2. The method of claim 1, wherein the step of obtaining samples in a corresponding sample obtaining sequence comprises:

and reading the target sample from the local cache.

3. The method of claim 2, wherein after the reading of the target sample from the local cache, the method further comprises:

4. A method according to claim 2 or 3, wherein said reading said target samples from a local cache comprises:

5. A method according to claim 2 or 3, wherein said reading said target samples from a local cache comprises:

and reading the target sample from the target data block of the local cache.

6. A method according to any one of claims 1 to 3, characterized in that the method further comprises:

7. The method of claim 6, wherein the cleaning the local cache comprises:

8. A method according to any one of claims 1 to 3, characterized in that the method further comprises:

9. The method of claim 8, wherein the identification of each sample, the identification of each data block, and the location information of each sample in a data block are stored in a mapping relationship.

10. A method according to any one of claims 1 to 3, wherein a plurality of data blocks in the dataset are stored in a distributed system, the sample comprising an image.

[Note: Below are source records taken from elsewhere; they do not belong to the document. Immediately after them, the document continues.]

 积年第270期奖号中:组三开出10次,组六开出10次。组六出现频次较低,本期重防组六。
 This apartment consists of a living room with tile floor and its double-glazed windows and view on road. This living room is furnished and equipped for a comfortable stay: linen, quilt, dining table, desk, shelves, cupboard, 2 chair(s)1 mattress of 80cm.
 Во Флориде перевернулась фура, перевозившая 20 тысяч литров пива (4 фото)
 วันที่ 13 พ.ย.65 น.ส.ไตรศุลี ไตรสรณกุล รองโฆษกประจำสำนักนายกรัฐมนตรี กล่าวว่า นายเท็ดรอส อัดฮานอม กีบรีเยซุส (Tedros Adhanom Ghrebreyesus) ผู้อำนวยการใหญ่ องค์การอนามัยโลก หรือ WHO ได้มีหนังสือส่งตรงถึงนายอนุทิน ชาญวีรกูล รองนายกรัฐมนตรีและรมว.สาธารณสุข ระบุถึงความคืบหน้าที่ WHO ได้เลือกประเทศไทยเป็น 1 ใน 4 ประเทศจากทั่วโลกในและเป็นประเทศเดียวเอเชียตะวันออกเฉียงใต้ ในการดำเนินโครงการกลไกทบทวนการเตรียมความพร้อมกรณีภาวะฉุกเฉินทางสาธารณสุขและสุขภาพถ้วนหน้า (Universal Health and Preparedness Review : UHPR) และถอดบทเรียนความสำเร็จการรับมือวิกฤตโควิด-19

11. An apparatus for obtaining a sample, the apparatus comprising:

The dividing module is used for dividing the data blocks scrambled by the first scrambling module into a plurality of processing batches, and each processing batch comprises a plurality of data blocks;

the second disturbing module is used for disturbing all samples in all data blocks in the same processing batch divided by the dividing module to obtain a sample acquisition sequence corresponding to each processing batch;

the acquisition module is used for acquiring samples according to the corresponding sample acquisition sequence obtained by the second scrambling module for any processing batch;

the caching module is used for acquiring a data block to which the sample belongs from the distributed system and caching the data block to the local before the sample is acquired; wherein, the acquisition module is further used for: and acquiring samples in a dividing manner according to the corresponding sample acquisition sequence, wherein one or more samples are acquired each time, and the plurality of samples acquired in a single time belong to the same data block.

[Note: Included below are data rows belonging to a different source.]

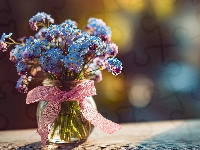 Różowa, Niezapominajki, Wazonik, Grafika AI, Kwiaty, Niebieskie, Kokardka
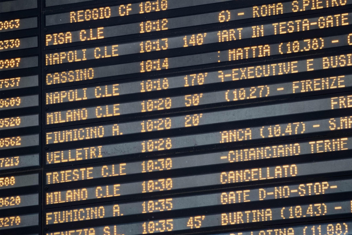 Rimska postaja Termini. Tabla z odpovedanimi linijami.
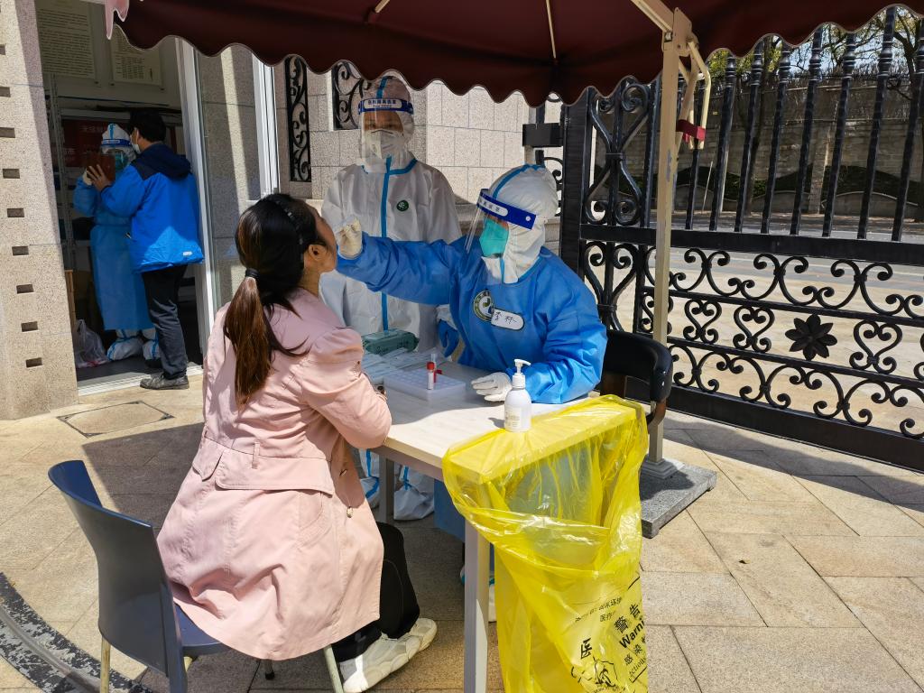 在上海市長寧區,一名武漢援滬醫務人員正在為社區居民做核酸。(受訪者供圖)
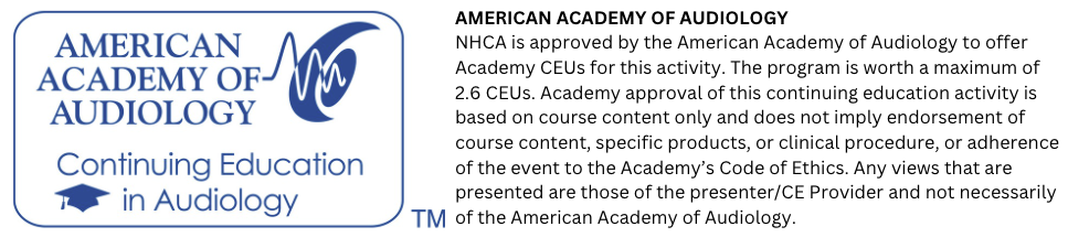 The National Hearing Conservation Association’s 49th Annual Conference, February 5 – 7, 2026, is approved for CEUs from the organizations listed below.
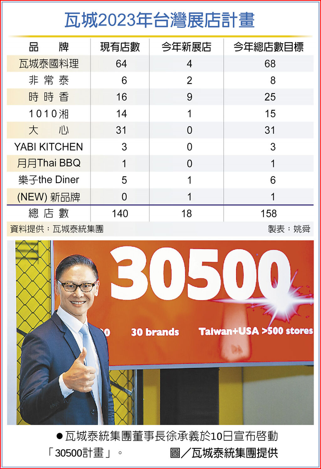 瓦城泰統集團今年首季展現亮眼成果,EPS達4.84元超越2022全年,4月營收年增超過63%。為加速拓展台灣市場版圖,徐承義表示,今年預計開出18家新店,包含9家時時香、4家瓦城、2家非常泰、1家1010湘,還有7月首次插旗台中的樂子the Diner,以及預計第四季亮相的全新泰式餐飲品牌,集團店數目標雙位數成長達158家。
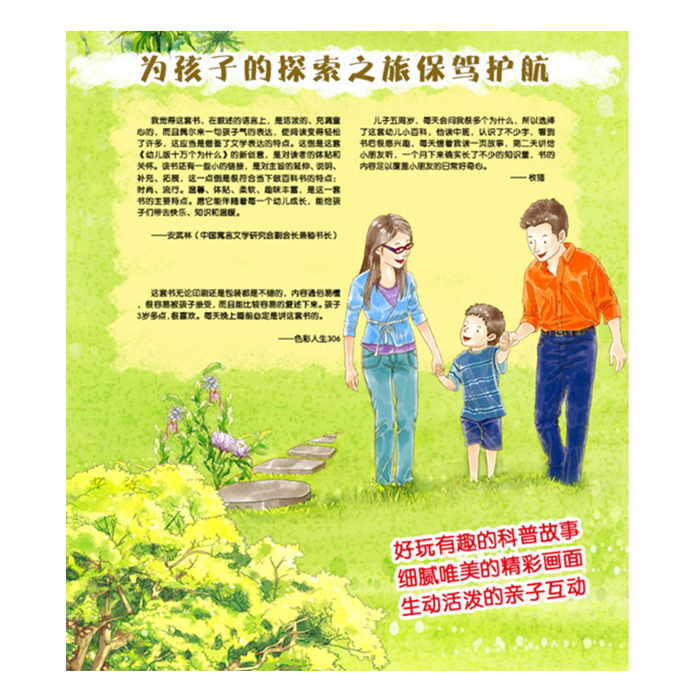 为幼儿量身打造的注音版《幼儿版十万个为什么》选取的知识点来源于数千份调查问卷,关注孩子感兴趣和生活中会遇到的问题。由数位国内科普作家,在较充分研究幼儿心理和年龄特点的基础上,从幼儿的视角,用亲子互动的形式,通过一个个生动的故事来解答和讲述知识。
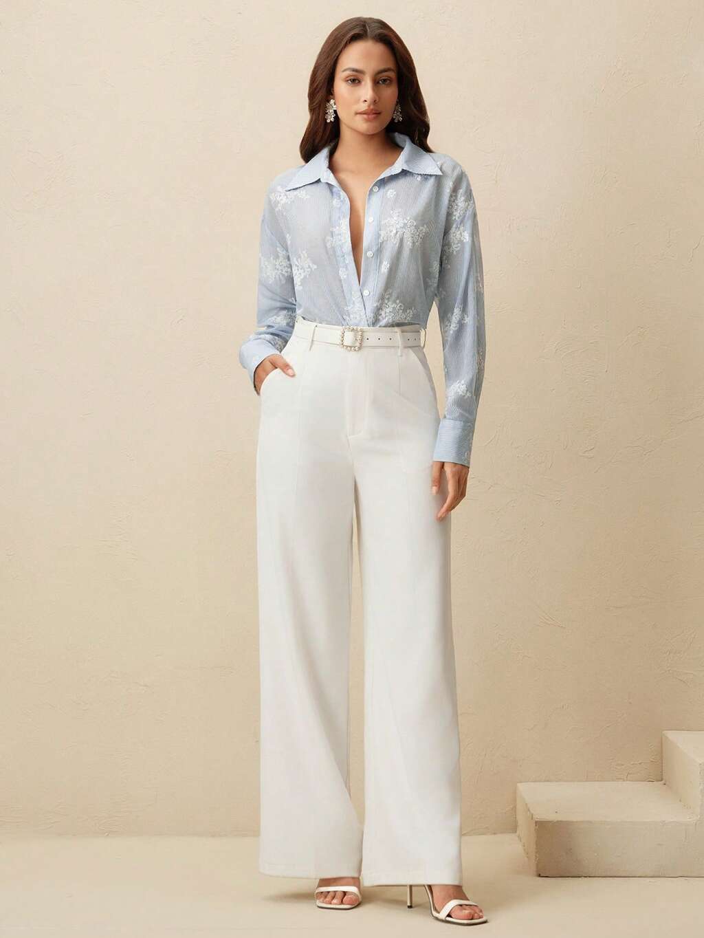 Women's Elegant Casual Loose Fit Beige Long Sleeve Shirt With Embroidered Pearl Decor, Spring
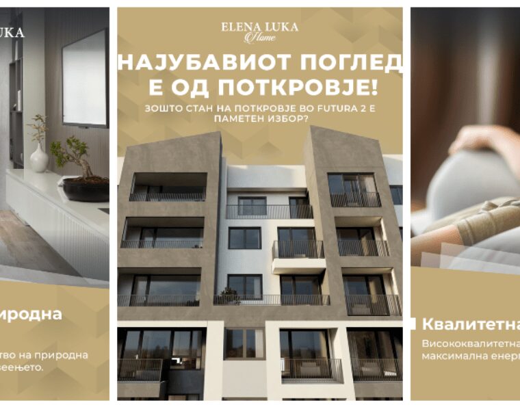 Доколку се уште не сте ја направиле вашата трајна животна инвестиција – купување на стан, реномираната компанија ЕЛЕНА ЛУКА ХОУМ има идеална понуда за вас во премиум станбено-деловниот објект ФУТУРА 2. На…

12. The apparatus of claim 11, wherein the acquisition module is further configured to:

and reading the target sample from the local cache.

13. The apparatus of claim 12, wherein the apparatus further comprises:

14. The apparatus of claim 12 or 13, wherein the acquisition module is further configured to:

15. The apparatus of claim 12 or 13, wherein the acquisition module is further configured to:

and reading the target sample from the target data block of the local cache.

16. The apparatus according to any one of claims 11 to 13, characterized in that the apparatus further comprises:

17. The apparatus of claim 16, wherein the cleaning module is further configured to:

18. The apparatus according to any one of claims 11 to 13, characterized in that the apparatus further comprises:

19. The apparatus of claim 18, wherein the identification of each sample, the identification of each data block, and the location information of each sample in a data block are stored in a mapping relationship.

20. The apparatus of any of claims 11 to 13, wherein a plurality of data blocks in the dataset are stored in a distributed system, the sample comprising an image.

21. An electronic device, comprising:

a processor;

a memory for storing processor-executable instructions;

wherein the processor is configured to invoke the instructions stored in the memory to perform the method of any of claims 1 to 10.

22. A computer readable storage medium having stored thereon computer program instructions, which when executed by a processor, implement the method of any of claims 1 to 10.